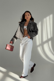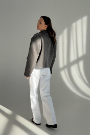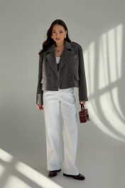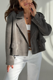 Укороченный жакет из плотной трикотажной ткани в широкий рубчик. Жакет прямого силуэта. Застежка двубортная на петли и пуговицы. Вырез горловины V-образный с классическим пиджачным воротником с лацканами. По полочке на уровне груди декоративная листочка. На уровне талии прорезные карманы с клапаном. По линии плеча декоративный элемент с пуговицей. Рукава втачные длинные, одношовные, снизу рукава шлица с застежкой на пуговицы. Спинка со средним швом. Жакет на подкладке.
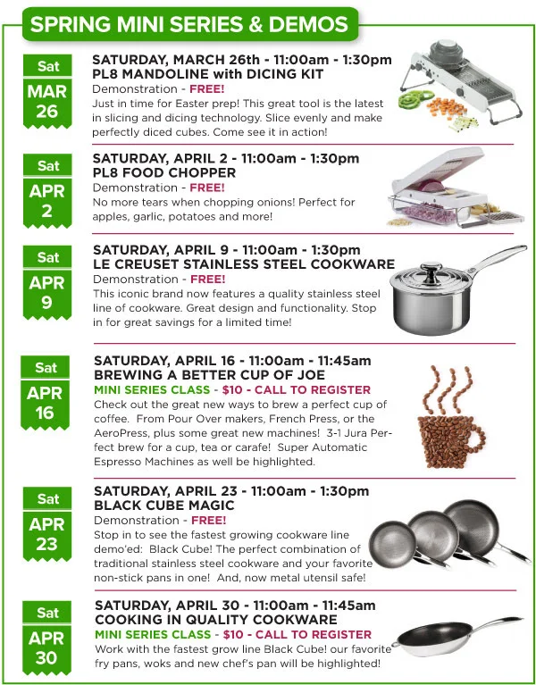 Back to All Events Cooking in Quality Cookware Mini Class Saturday, April 30, 2016 11:00 AM 11:45 AM Cooks on Main 224 Main Street Williston, ND, 58801 United States (map) Google Calendar ICS
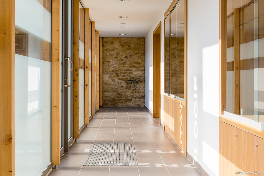 Est créée également une salle d’œnologie et dégustation avec espace de réception et prolongement extérieur.
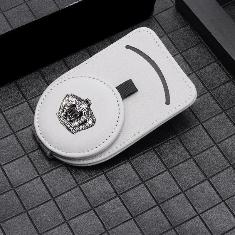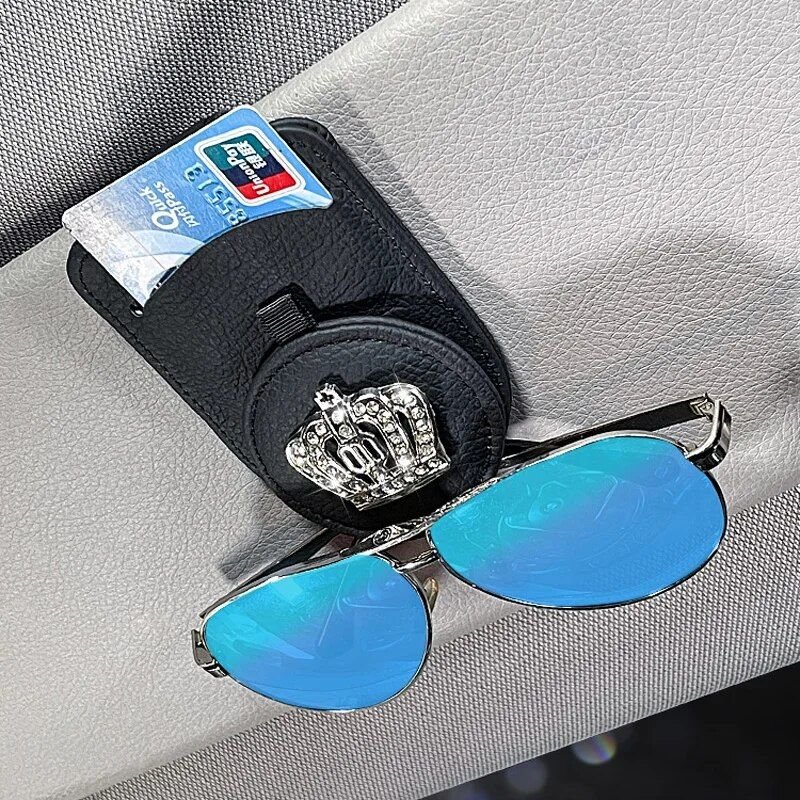 Luxury Leather Car Visor Sunglass and Card Holder with Diamond Crown

■ **Required work**
All of the data is to be returned exactly, with no pictures included.

■ **Result**
 Укороченный жакет из плотной трикотажной ткани в широкий рубчик. Жакет прямого силуэта. Застежка двубортная на петли и пуговицы. Вырез горловины V-образный с классическим пиджачным воротником с лацканами. По полочке на уровне груди декоративная листочка. На уровне талии прорезные карманы с клапаном. По линии плеча декоративный элемент с пуговицей. Рукава втачные длинные, одношовные, снизу рукава шлица с застежкой на пуговицы. Спинка со средним швом. Жакет на подкладке.
 Back to All Events Cooking in Quality Cookware Mini Class Saturday, April 30, 2016 11:00 AM 11:45 AM Cooks on Main 224 Main Street Williston, ND, 58801 United States (map) Google Calendar ICS
 Est créée également une salle d’œnologie et dégustation avec espace de réception et prolongement extérieur.
 Luxury Leather Car Visor Sunglass and Card Holder with Diamond Crown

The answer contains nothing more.